(Dataset items)
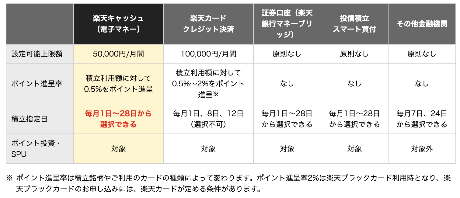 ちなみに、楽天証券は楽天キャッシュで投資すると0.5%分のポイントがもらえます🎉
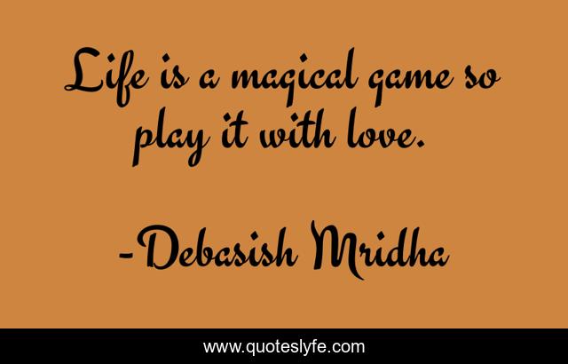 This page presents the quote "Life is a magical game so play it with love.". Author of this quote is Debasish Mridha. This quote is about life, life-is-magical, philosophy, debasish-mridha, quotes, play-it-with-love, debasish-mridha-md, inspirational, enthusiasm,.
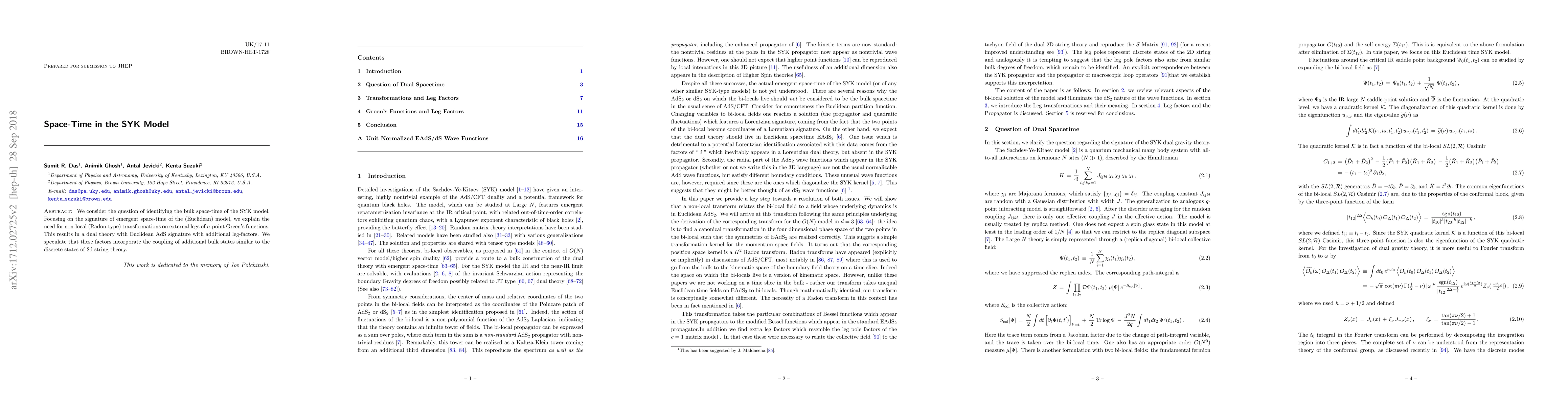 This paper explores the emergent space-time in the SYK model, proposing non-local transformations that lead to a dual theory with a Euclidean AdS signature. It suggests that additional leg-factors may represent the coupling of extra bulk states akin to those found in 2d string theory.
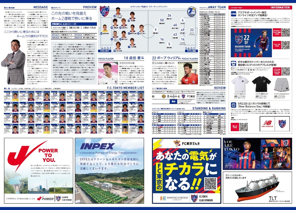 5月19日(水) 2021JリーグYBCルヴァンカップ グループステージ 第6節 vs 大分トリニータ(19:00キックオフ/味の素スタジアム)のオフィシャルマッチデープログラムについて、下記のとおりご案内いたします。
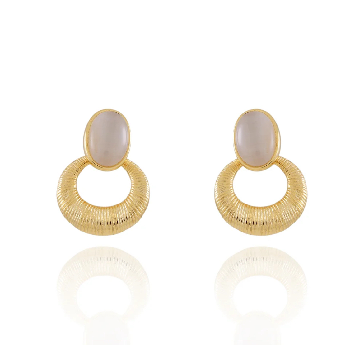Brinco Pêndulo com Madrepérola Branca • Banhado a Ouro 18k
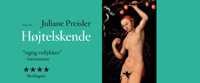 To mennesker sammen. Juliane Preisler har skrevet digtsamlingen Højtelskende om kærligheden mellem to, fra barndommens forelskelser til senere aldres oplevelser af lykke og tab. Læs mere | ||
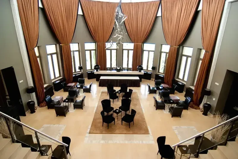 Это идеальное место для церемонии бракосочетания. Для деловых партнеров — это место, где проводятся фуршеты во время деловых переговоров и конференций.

PROMPT:
Please provide a faithful transcription of all the data, pictures excluded.

ANSWER TO THE EXERCISE:
 ちなみに、楽天証券は楽天キャッシュで投資すると0.5%分のポイントがもらえます🎉
 This page presents the quote "Life is a magical game so play it with love.". Author of this quote is Debasish Mridha. This quote is about life, life-is-magical, philosophy, debasish-mridha, quotes, play-it-with-love, debasish-mridha-md, inspirational, enthusiasm,.
 This paper explores the emergent space-time in the SYK model, proposing non-local transformations that lead to a dual theory with a Euclidean AdS signature. It suggests that additional leg-factors may represent the coupling of extra bulk states akin to those found in 2d string theory.
 5月19日(水) 2021JリーグYBCルヴァンカップ グループステージ 第6節 vs 大分トリニータ(19:00キックオフ/味の素スタジアム)のオフィシャルマッチデープログラムについて、下記のとおりご案内いたします。
Brinco Pêndulo com Madrepérola Branca • Banhado a Ouro 18k
 To mennesker sammen. Juliane Preisler har skrevet digtsamlingen Højtelskende om kærligheden mellem to, fra barndommens forelskelser til senere aldres oplevelser af lykke og tab. Læs mere | ||
 Это идеальное место для церемонии бракосочетания. Для деловых партнеров — это место, где проводятся фуршеты во время деловых переговоров и конференций.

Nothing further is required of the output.